Pillow et al. (2014) found that, similar to past research (McCarthy, 2014), the use of stimulant medication was seen as a trade-off, where the user is constantly balancing perceived costs and benefits. Participants who were currently taking medication believed that taking the medication would result in IAA and SSE. Those who had stopped taking their prescribed medication believed more strongly that medication would result in an LAS. That being said, if it was believed that IAA would result from medication use, some beliefs about LAS would be weighed as a trade-off, resulting in those participants continuing to take their medication. Current users were also found to have higher levels of perceived control and greater positive subjective norms than past users.
One potential weakness of the Pillow et al. (2014) study is that comparisons are made only between past and current users of medication, and no attention is paid to when and how much medication current users are taking. Whereas the topic of college students misusing stimulant medication to get high (i.e., overuse) has received increasing attention (e.g., Rabiner et al., 2009), relatively little is known about adherence rates of adults with ADD/ADHD (Caisley & Müller, 2012). However, it is widely acknowledged that many adults are frequently adjusting their medication frequency and dosages rather than following the prescribed regimen, and a better understanding of the experiences of these individuals is needed (Caisley & Müller, 2012).
The present study attempted to replicate and extend the findings of Pillow et al. (2014). We proposed here that it was important not only to distinguish between individuals who chose to take medication as prescribed and people who do not take any medication at all but also to include individuals who were partially adherent. Based on past findings (e.g., Knipp, 2006; Pillow et al., 2014) that medication was perceived as helpful for academic work but detrimental to the expression of the authentic self, we compared adherence on weekdays (when academic demands are highest) to weekends (when academic demands were reduced). We proposed that it was helpful to look at the day-to-day self-management of medication to understand what drives the decision to reduce or omit medications on weekdays and weekends during an academic semester. Specifically, we hypothesized that students would be more likely to take their medication on weekdays than on weekends, and that this difference would be driven by their beliefs and attitudes about the medication, rather than by unintentional non-adherence.
Method
Participants
The 53 participants were students from a small undergraduate liberal arts university in eastern Canada who reported having received a formal diagnosis of ADD or ADHD. All participants had been prescribed medication to treat ADD/ADHD. Medications prescribed included methylphenidate (Concerta, 26.4%; Ritalin, 13.2%), amphetamines (Adderall, 15.1%; Vyvanse, 13.2%; Dexedrine, 2%; Straterra, 4%), with 20.8% of the sample taking multiple stimulants to treat their condition, and 5.7% of the sample not answering this question.

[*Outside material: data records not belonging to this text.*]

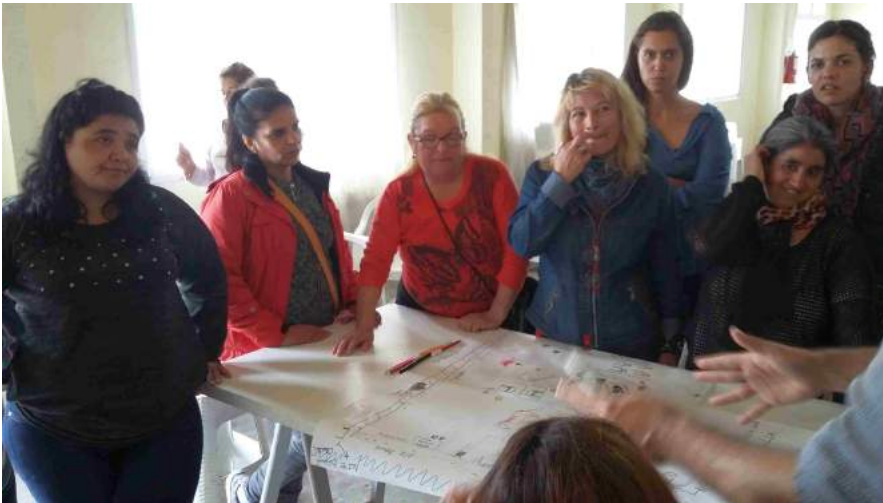
Vecinos realizando cartografía social en el CIS - 15/09/18

A esta primera acción participativa se hizo una convocatoria a través de flyers, incluyendo a todos los referentes entrevistados y se dejó en algunos negocios del barrio y en algunas instituciones. La concurrencia fue de 15 vecinos.
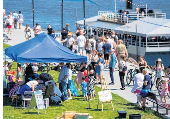
Nad Wisłę w czerwcu 2025 roku przysły całe tłumy mieszkańców i turystów. Pogoda była piękna

Druga ze stref będzie artystyczna. Tu odbędą się warsztaty z tworzenia toreb z toruńskimi motywami oraz z plecenia wianków świętojańskich. Warto dodać, że liczba uczestników jest ograniczona i decyduje kolejność zajęcia miejsc. Aktywna tu będzie także Galeria Sztuki Wozownia, której przedstawiciele poprowadzą warsztaty w klimacie sztuki ulicznej pt. „Toruńska Streetówka”. Obejmą one tworzenie banerów graffiti, name tagów oraz toruńskich pocztówek. Oto szczegó-
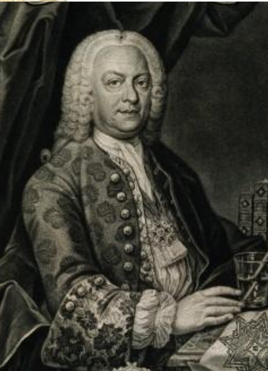
Жан Батист Валлен- Деламот (1729-1800)
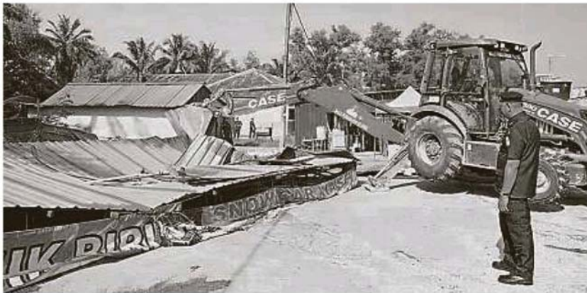
市议会执法组在警员的陪同下,动手拆除非法洗车店。
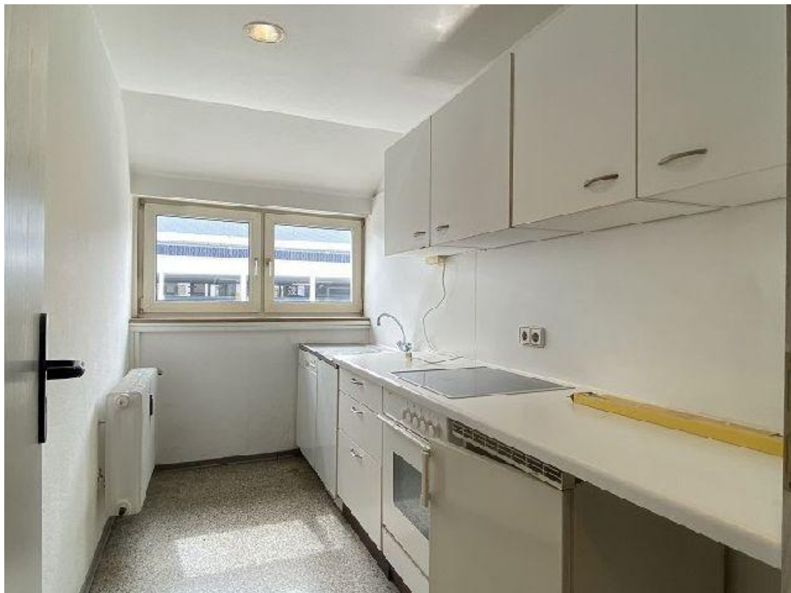
Küche 3. OG
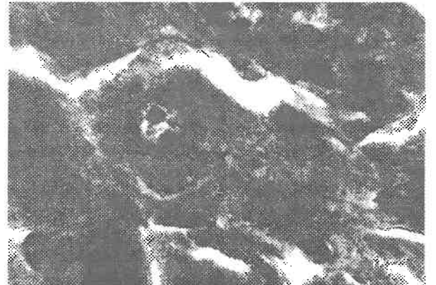
Şekil 3. Sağlam karaciğer dokusunun Mallorinin Trichrom boyaması tekniğiyle mikroskopik görünümü.
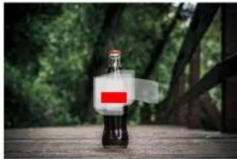
Gambar 1. Minuman Berkarbonasi
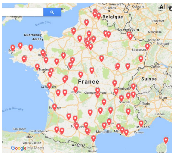
Carte des agences de collecte 2018-2020

Note. L'appel d'offre réalisé en 2017 pour la période 2018-2020 a permis de sélectionner une 100aine d'agences de collecte (hors DROM-COM).
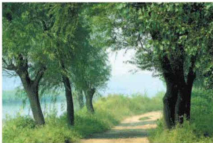
青春是一条不断向前的路

1910年秋天，十七岁的毛泽东离开家乡韶山，到湖南长沙第一师范读书，走向外面更广阔的世界。这是他人生历程中的第一个转折。临行前，他改写了一首诗，夹在父亲每天必看的账本里：“孩儿立志出乡关，学不成名誓不还。埋骨何须桑梓地，人生无处不青山。”这充分表现了他的雄心壮志。
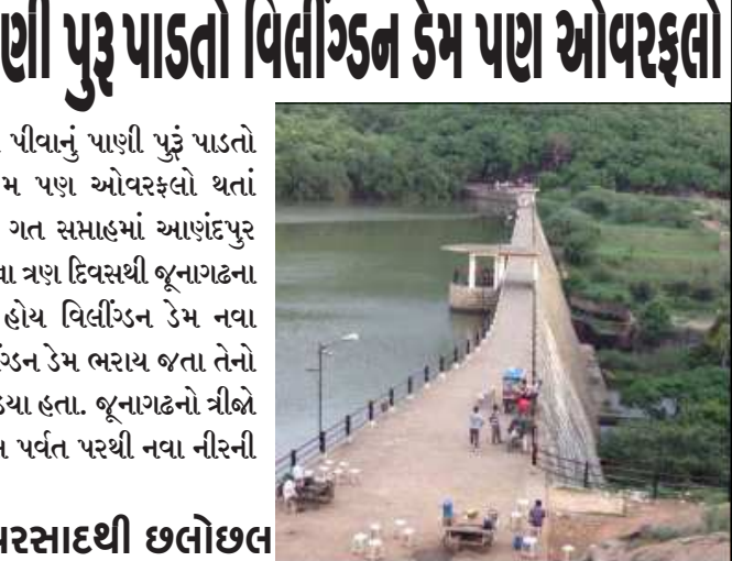
જૂનાગઢને પીવાનું પાણી પુરૂ પાડતો આણંદપુર ડેમ બાદ વિલીંગ્ડન ડેમ પણ ઓવરફ્લો થતાં નગરજનોમાં ખુશી વ્યાપી ગઈ છે. ગત સપ્તાહમાં આણંદપુર જળાશય છલોછલ થઈ ગયા બાદ છેલ્લા ત્રણ દિવસથી જૂનાગઢના દાતાર વિસ્તારમાં સતત વરસાદ હોય વિલીંગ્ડન ડેમ નવા પાણીથી ભરપૂર થઈ ગયો છે. વિલીંગ્ડન ડેમ ભરાય જતા તેનો નજરો માણવા શહેરીજનો ઉમટી પડયા હતા. જૂનાગઢનો ત્રીજો ડેમ હરનાપુરમાં પણ ગિરનાર જંગલ પર્વત પરથી નવા નીરની ભરપૂર આવક ચાલુ છે.

જૂનાગઢ.તા.૬ જૂનાગઢને પીવાનું પાણી પુરૂ પાડતો આણંદપુર ડેમ બાદ વિલીંગ્ડન ડેમ પણ ઓવરફ્લો થતાં નગરજનોમાં ખુશી વ્યાપી ગઈ છે. ગત સપ્તાહમાં આણંદપુર જળાશય છલોછલ થઈ ગયા બાદ છેલ્લા ત્રણ દિવસથી જૂનાગઢના દાતાર વિસ્તારમાં સતત વરસાદ હોય વિલીંગ્ડન ડેમ નવા પાણીથી ભરપૂર થઈ ગયો છે. વિલીંગ્ડન ડેમ ભરાય જતા તેનો નજરો માણવા શહેરીજનો ઉમટી પડયા હતા. જૂનાગઢનો ત્રીજો ડેમ હરનાપુરમાં પણ ગિરનાર જંગલ પર્વત પરથી નવા નીરની ભરપૂર આવક ચાલુ છે. સતત ત્રણ દિવસના વરસાદથી છલોછલ
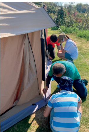
テントを張る子どもたち

当会は、避難民の来日直後から継続した日本語教育の提供を行っています。子どもたちに対しては、「NPO 法人・外国から来た子ども支援ネットワーク」と連携し日本語教育を提供していますが、大人に対しても、当会が日本語講師を雇用し、各々の進捗に合わせた授業を提供しています。皆さん徐々に日本語が話せるようになってきており、特に子どもたちの言語の習得の早さには驚かされます。

There were 17 (32.1%) male and 36 (67.9%) female students in the sample. (The gender ratio for the entire campus at time of testing was 42% male and 58% female.) Whereas 45.3% of the students were in their first or second year of university, 45.3% were in their third or fourth year, and a further 9.4% students were in year 5 or more of a usually 4-year degree. On average, participants had received their diagnosis of ADHD at age 14.73 (SD = 4.94 years, range = 5-27 years). A majority of participants had been taking medication to treat ADHD for more than 2 years (53.8%) and had begun treatment before coming to university (60.4%). Using a 7-point scale ranging from 1 (strongly disagree) to 7 (strongly agree), participants were, on average, neutral in terms of whether it was difficult to obtain medical care for their condition in the small town where the college is located (M = 4.12, s = 1.78) and whether taking medication was too expensive while in school (M = 3.2, SD = 1.75).
Measures
The demographic information requested included gender, year of study, age of ADD/ADHD diagnosis, type of medication(s) prescribed, how long the medication had been used, and whether medication use had begun before attending university.
Four questions were used to measure adherence to gather information about past and future/intended behavior on both weekdays and weekends: Participants were asked whether they took/intended to take all their medications as prescribed (a) last Tuesday, (b) last Saturday, (c) next Tuesday, and (d) next Saturday. For each time, participants indicated whether they had (a) taken all their medication as prescribed, (b) taken only some of their medication, or (c) taken no medication. Purposeful non-adherence was also measured by asking participants to report how frequently they did not take medication “on purpose,” and unintentional non-adherence was measured by asking participants how frequently they did not take their medication because of forgetting, both on scales ranging from 1 (never) to 7 (everyday).
The beliefs participants held about prescription stimulant medication was measured using 40 items from the 50 items proposed during scale development by Pillow et al. (2014). Each item was measured on a 7-point scale ranging from 1 (very unlikely) to 7 (very likely). We calculated the Cronbach’s α if each item was deleted, and dropped the items that reduced the reliability of the scales to create four 10-item scales: (a) IAA (Cronbach’s α = .89), (b) LAS (Cronbach’s α = .88 with 2 items reverse coded), (c) SSE (Cronbach’s α = .83 with 1 item reverse coded), and (d) CSE (Cronbach’s α = .86). (Cronbach’s α for the scales in Pillow et al. were .92, .89, .90, and .83 for IAA, LAS, SSE, and CSE, respectively.) The degree to which participants judged the measured beliefs to be good or bad was also recorded.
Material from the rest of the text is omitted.